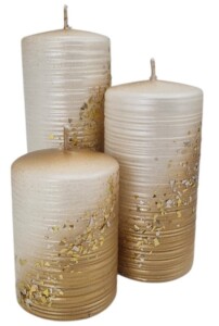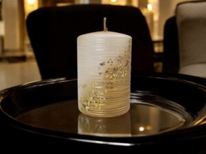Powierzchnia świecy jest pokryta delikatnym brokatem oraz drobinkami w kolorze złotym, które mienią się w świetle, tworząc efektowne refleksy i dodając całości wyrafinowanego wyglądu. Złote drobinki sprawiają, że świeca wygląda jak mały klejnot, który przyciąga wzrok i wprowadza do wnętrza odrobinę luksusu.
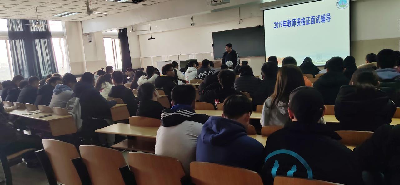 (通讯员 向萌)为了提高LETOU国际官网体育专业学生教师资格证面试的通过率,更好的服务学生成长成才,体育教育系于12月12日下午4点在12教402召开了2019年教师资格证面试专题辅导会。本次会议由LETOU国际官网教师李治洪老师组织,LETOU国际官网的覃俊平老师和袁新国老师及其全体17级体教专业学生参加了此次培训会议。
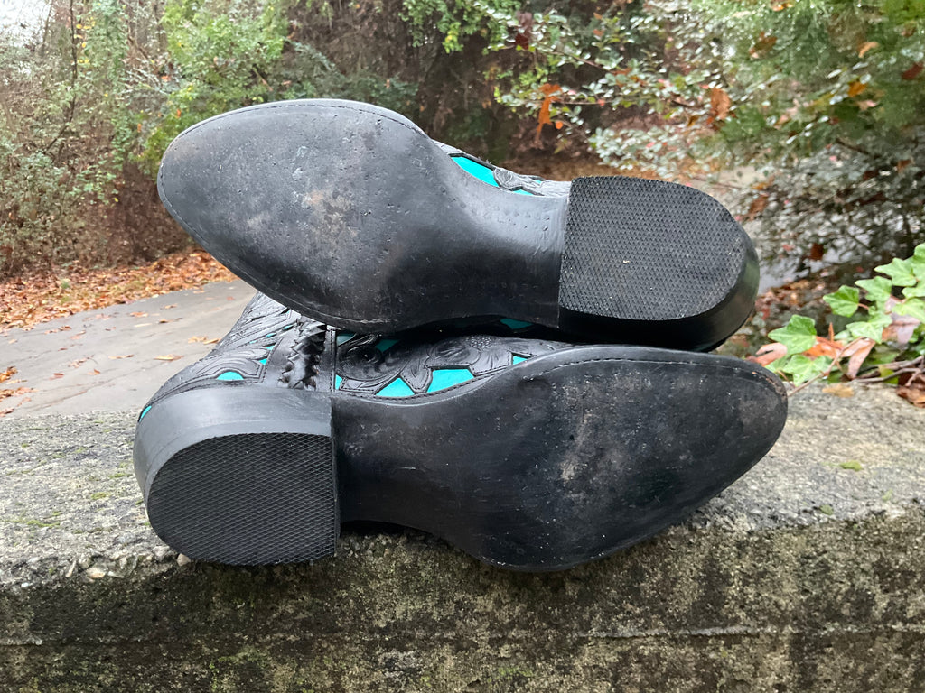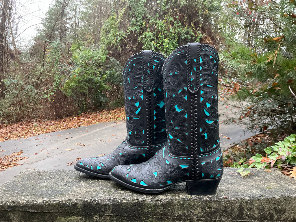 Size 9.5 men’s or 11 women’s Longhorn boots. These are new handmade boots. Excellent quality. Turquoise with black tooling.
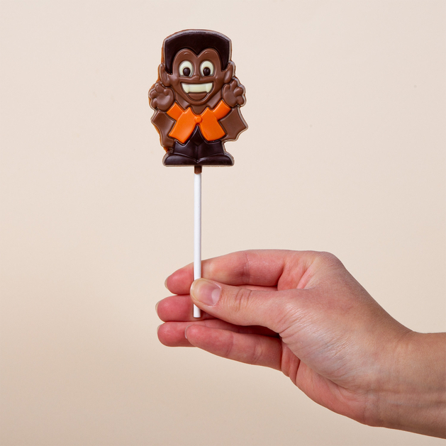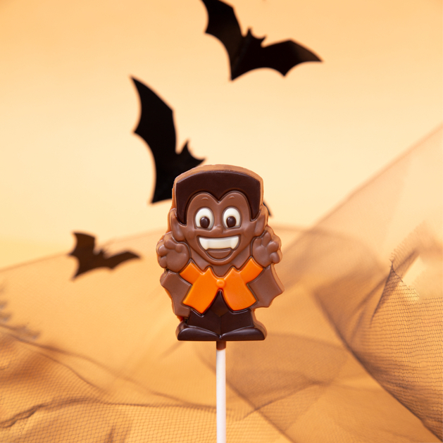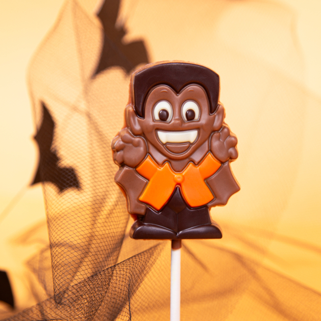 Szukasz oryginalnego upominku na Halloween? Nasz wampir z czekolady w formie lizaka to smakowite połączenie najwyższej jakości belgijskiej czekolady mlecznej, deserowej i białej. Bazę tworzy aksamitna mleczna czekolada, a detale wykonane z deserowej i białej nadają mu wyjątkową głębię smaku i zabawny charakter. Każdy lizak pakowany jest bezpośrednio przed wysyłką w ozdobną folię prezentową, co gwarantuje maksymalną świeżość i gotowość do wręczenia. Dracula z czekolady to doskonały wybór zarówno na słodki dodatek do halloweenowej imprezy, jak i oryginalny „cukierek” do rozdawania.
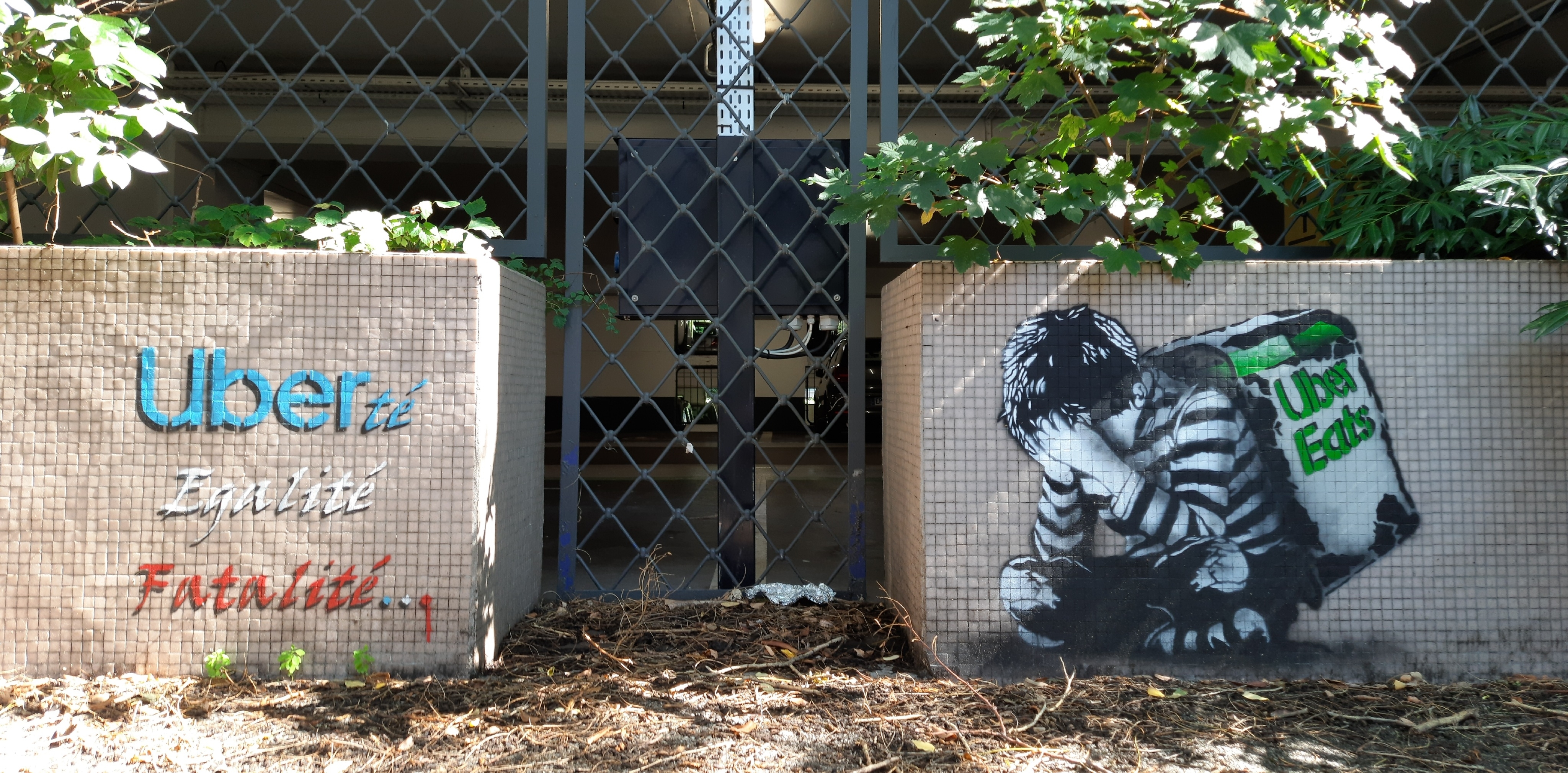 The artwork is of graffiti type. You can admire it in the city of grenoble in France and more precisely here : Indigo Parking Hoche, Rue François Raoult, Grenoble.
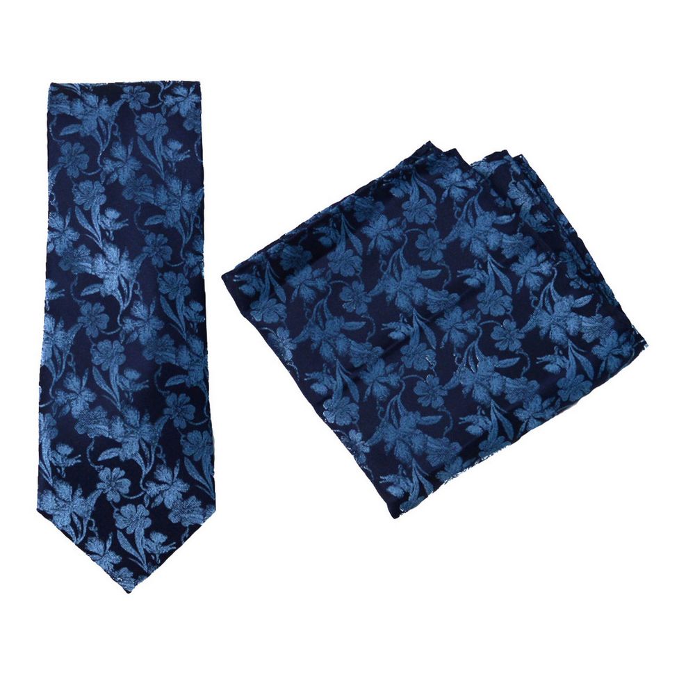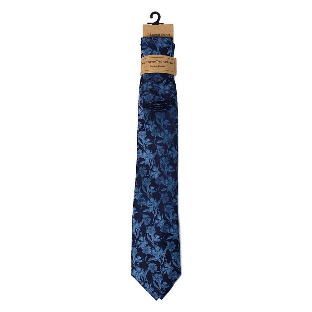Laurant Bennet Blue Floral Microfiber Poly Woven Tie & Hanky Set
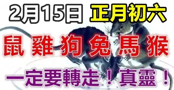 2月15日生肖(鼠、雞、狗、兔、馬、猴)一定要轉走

# # # # #

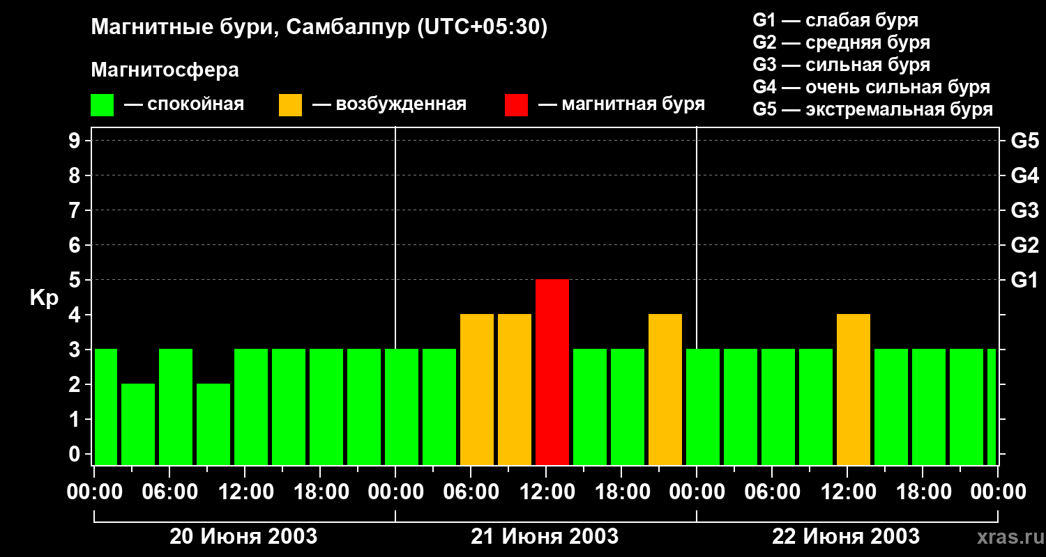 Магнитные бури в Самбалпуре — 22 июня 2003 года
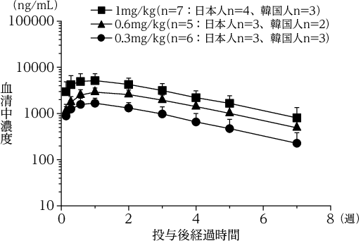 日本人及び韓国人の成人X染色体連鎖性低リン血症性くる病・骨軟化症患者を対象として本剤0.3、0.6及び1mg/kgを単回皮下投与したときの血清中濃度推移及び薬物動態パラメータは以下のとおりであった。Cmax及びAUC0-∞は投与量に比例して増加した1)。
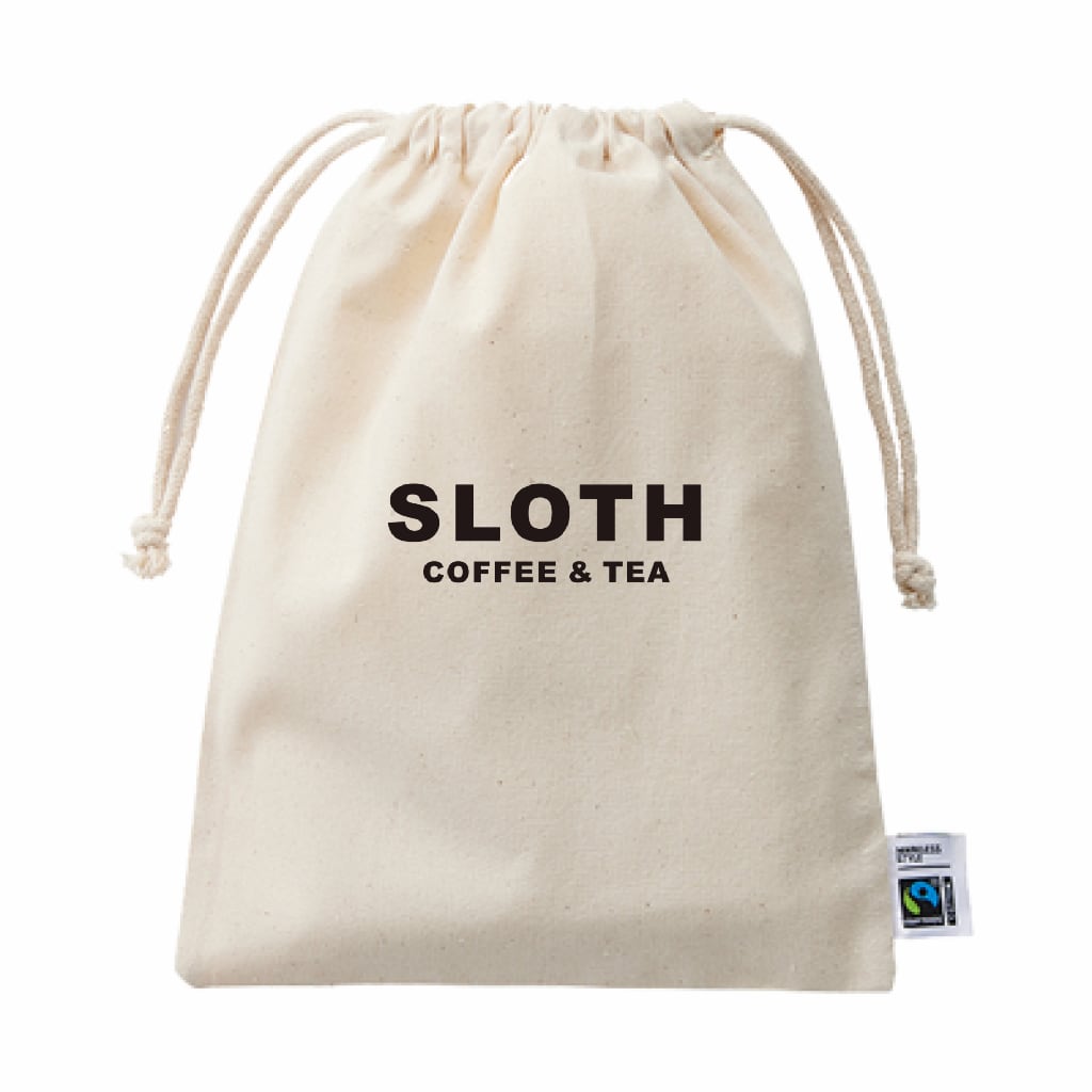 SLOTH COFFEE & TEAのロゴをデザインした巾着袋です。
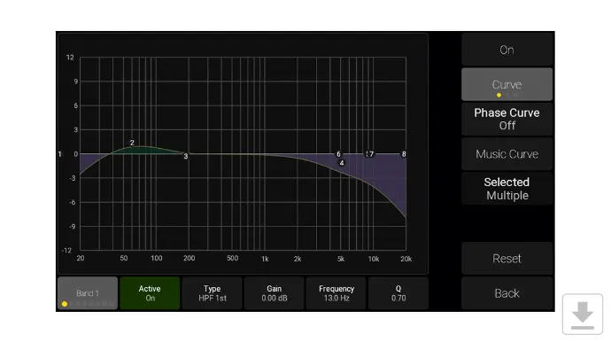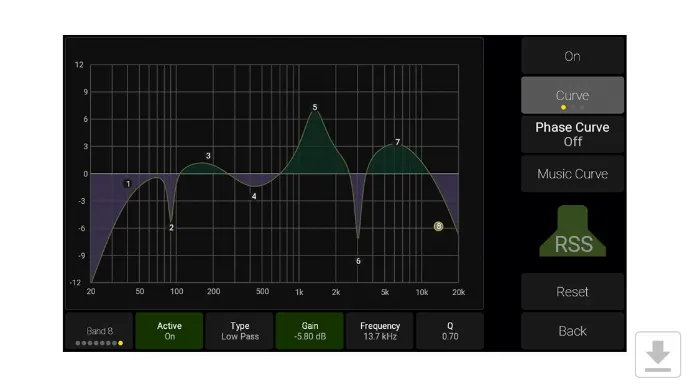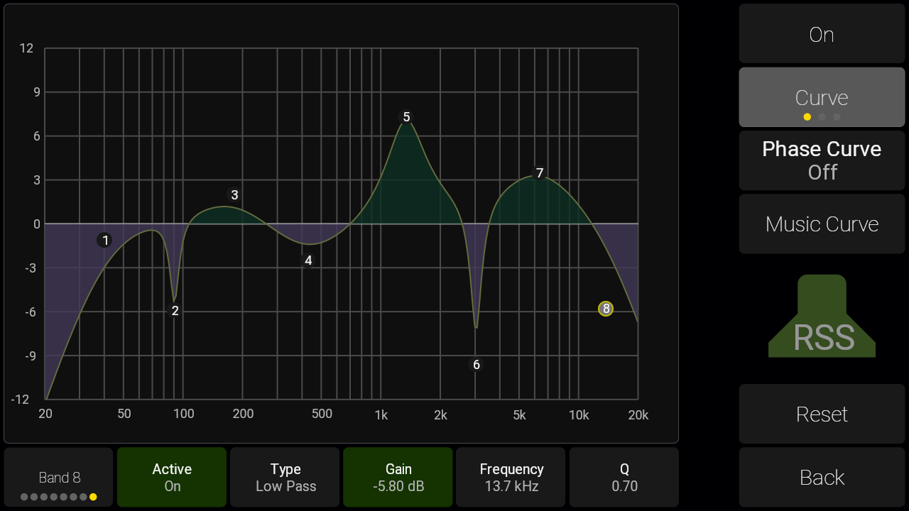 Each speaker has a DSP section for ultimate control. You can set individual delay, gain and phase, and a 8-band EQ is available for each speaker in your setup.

# # # # #

Leave out the images and write out the lines above exactly, from the one with "SLOTH COFFEE & TEAのロゴをデザインした巾着袋です。" up to and including the one with "Each speaker has".

 SLOTH COFFEE & TEAのロゴをデザインした巾着袋です。
 Each speaker has a DSP section for ultimate control. You can set individual delay, gain and phase, and a 8-band EQ is available for each speaker in your setup.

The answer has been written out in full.